◆ WHAT YOU ARE ASKED TO DO ◆
Will you output the entries below exactly, skipping every image they contain?

◆ DATA SECTION ◆
● ● ●

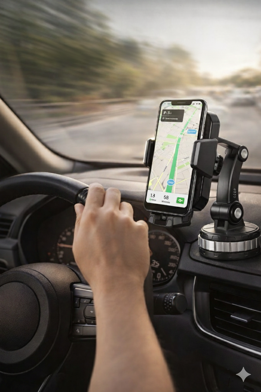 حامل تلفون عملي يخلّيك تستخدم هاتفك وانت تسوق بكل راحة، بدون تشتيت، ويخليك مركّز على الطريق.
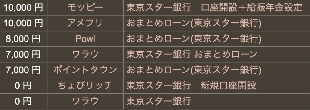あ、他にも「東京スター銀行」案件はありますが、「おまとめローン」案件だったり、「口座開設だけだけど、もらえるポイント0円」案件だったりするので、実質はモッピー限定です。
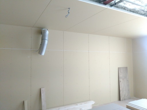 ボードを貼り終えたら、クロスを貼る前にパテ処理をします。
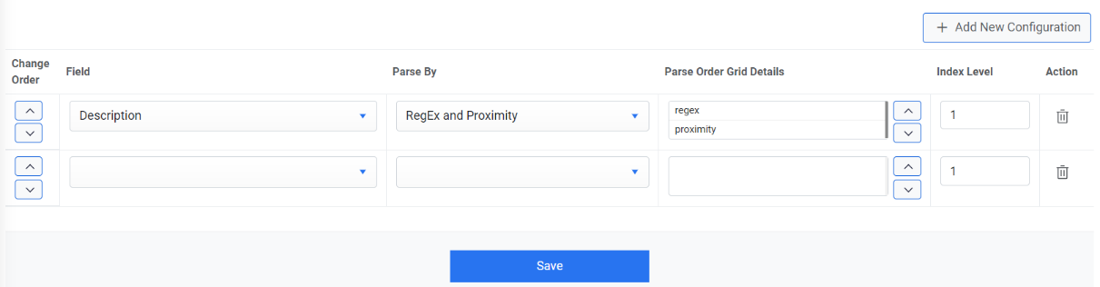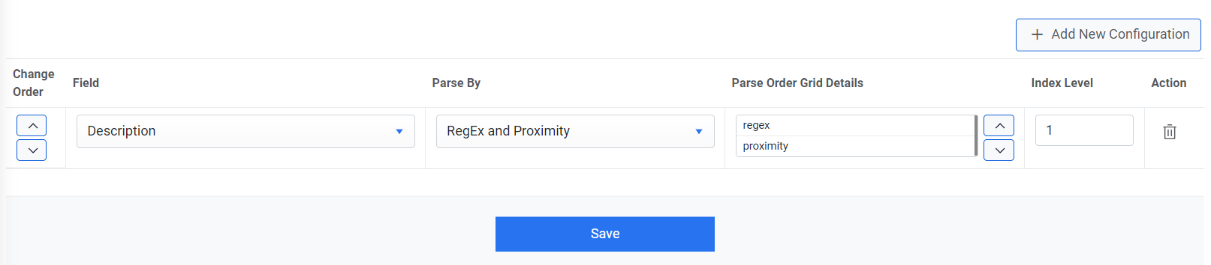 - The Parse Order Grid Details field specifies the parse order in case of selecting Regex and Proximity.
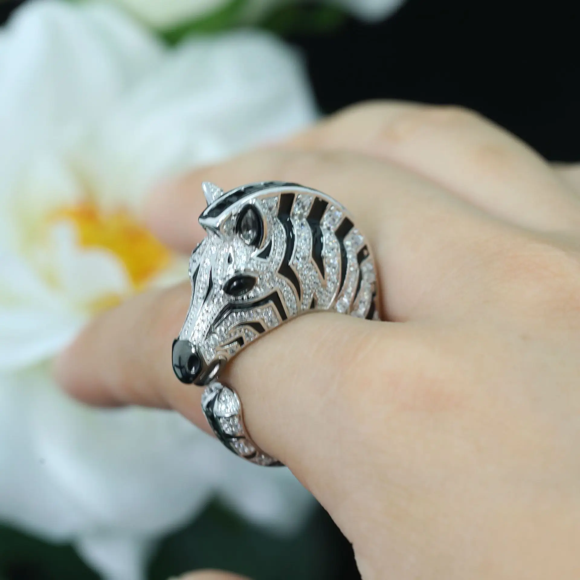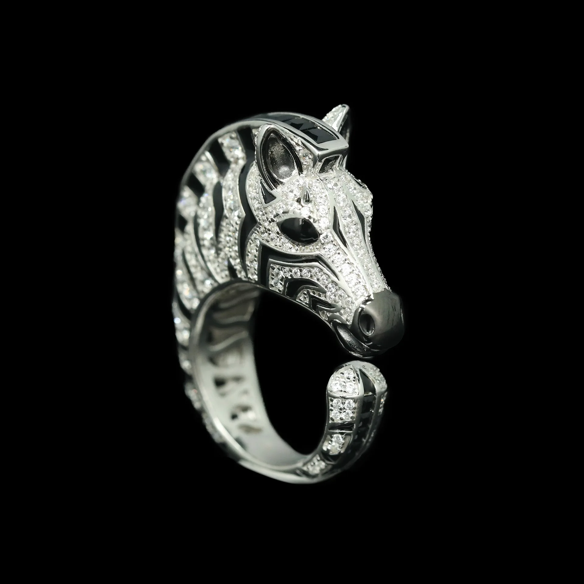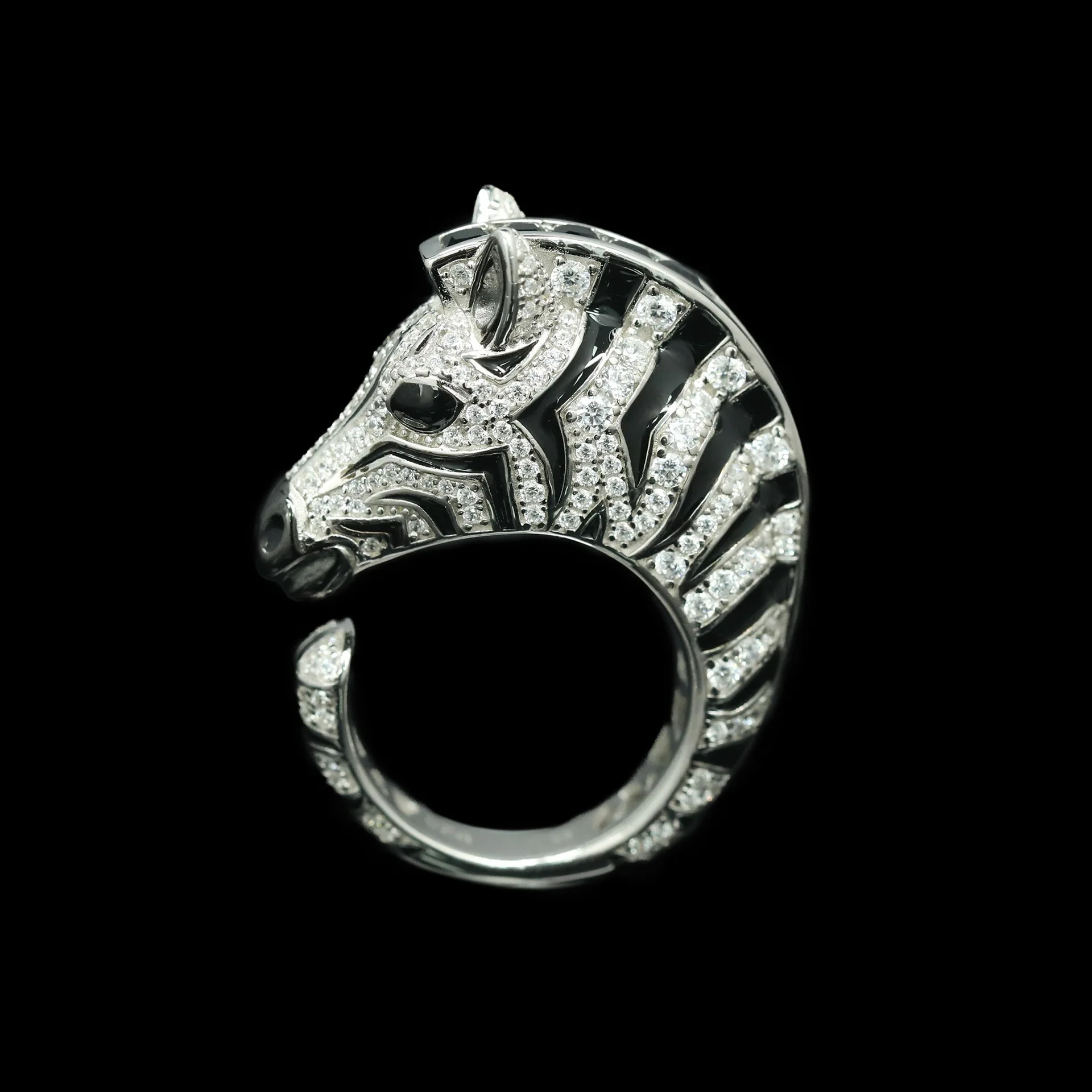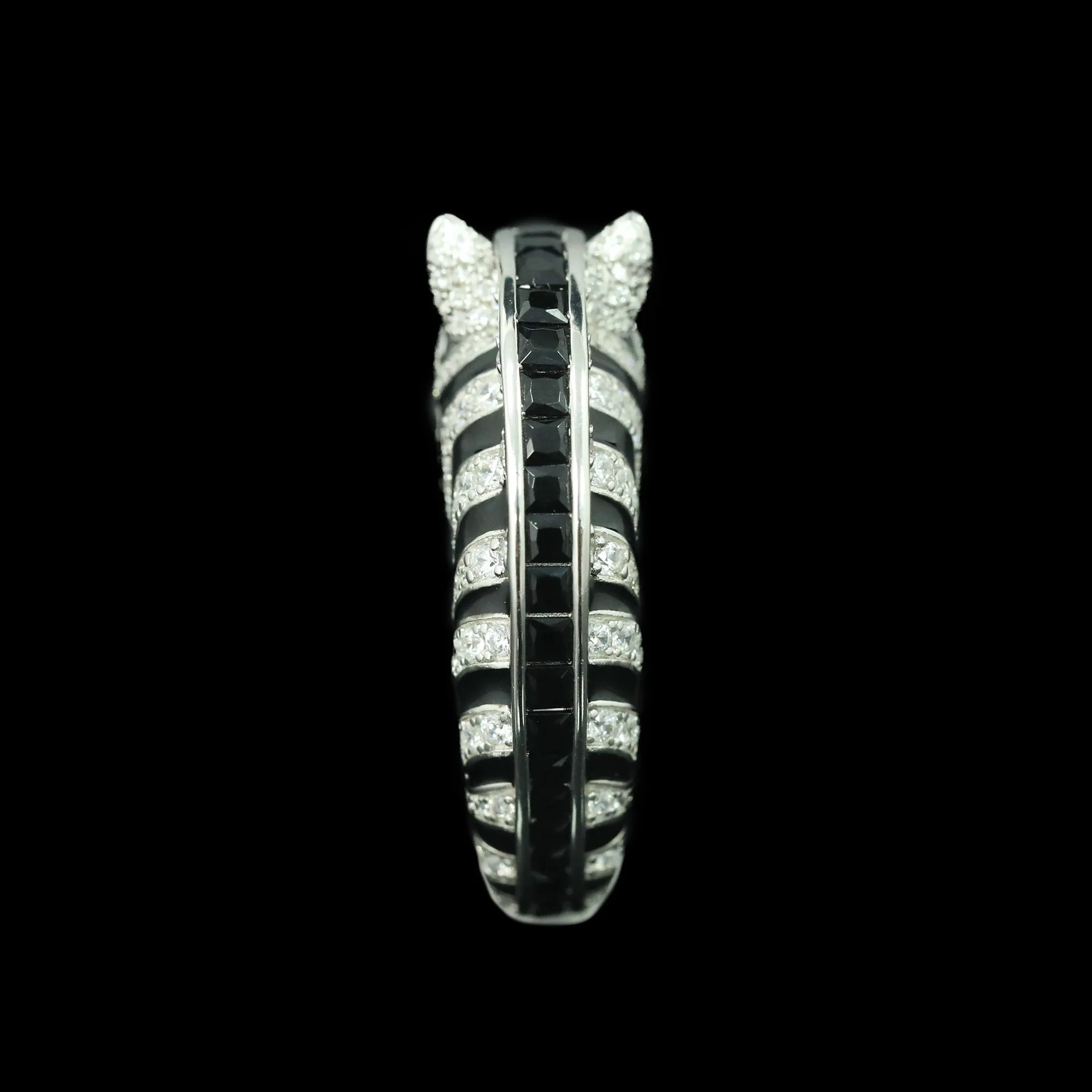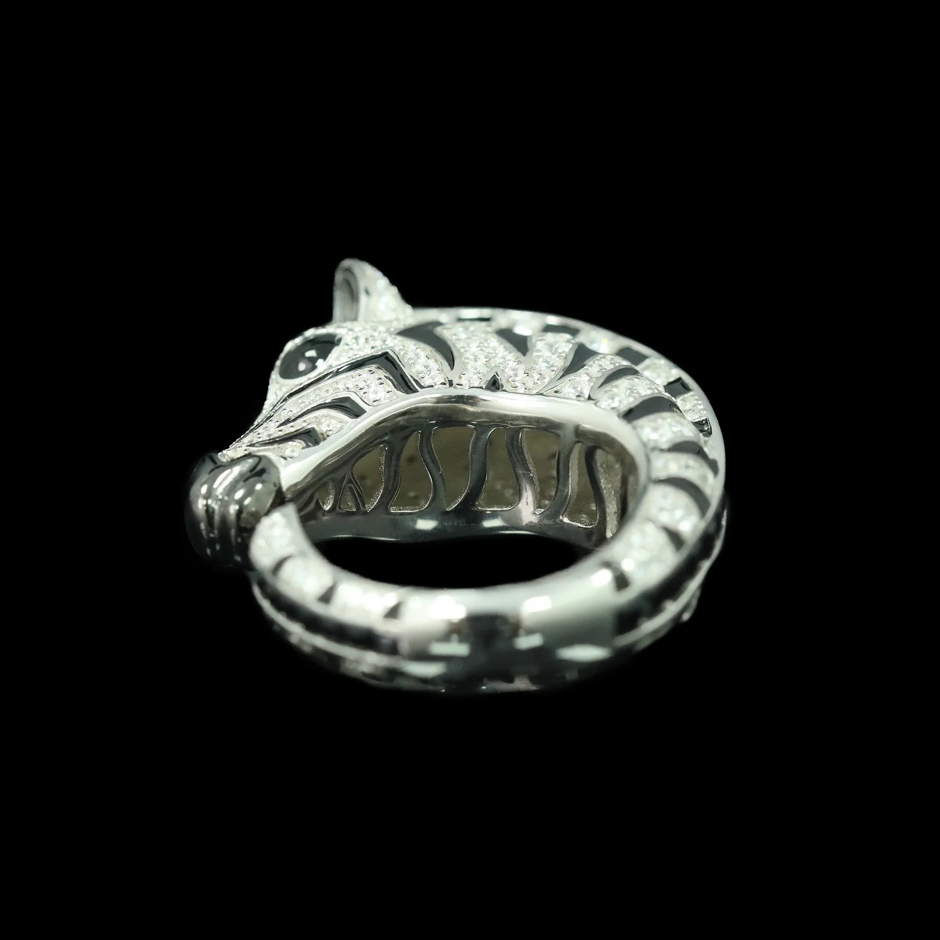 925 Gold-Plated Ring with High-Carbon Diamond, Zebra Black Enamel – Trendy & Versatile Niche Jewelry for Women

● ● ●

◆ WRITTEN RESPONSE ◆
 حامل تلفون عملي يخلّيك تستخدم هاتفك وانت تسوق بكل راحة، بدون تشتيت، ويخليك مركّز على الطريق.
あ、他にも「東京スター銀行」案件はありますが、「おまとめローン」案件だったり、「口座開設だけだけど、もらえるポイント0円」案件だったりするので、実質はモッピー限定です。
 ボードを貼り終えたら、クロスを貼る前にパテ処理をします。
 - The Parse Order Grid Details field specifies the parse order in case of selecting Regex and Proximity.
 925 Gold-Plated Ring with High-Carbon Diamond, Zebra Black Enamel – Trendy & Versatile Niche Jewelry for Women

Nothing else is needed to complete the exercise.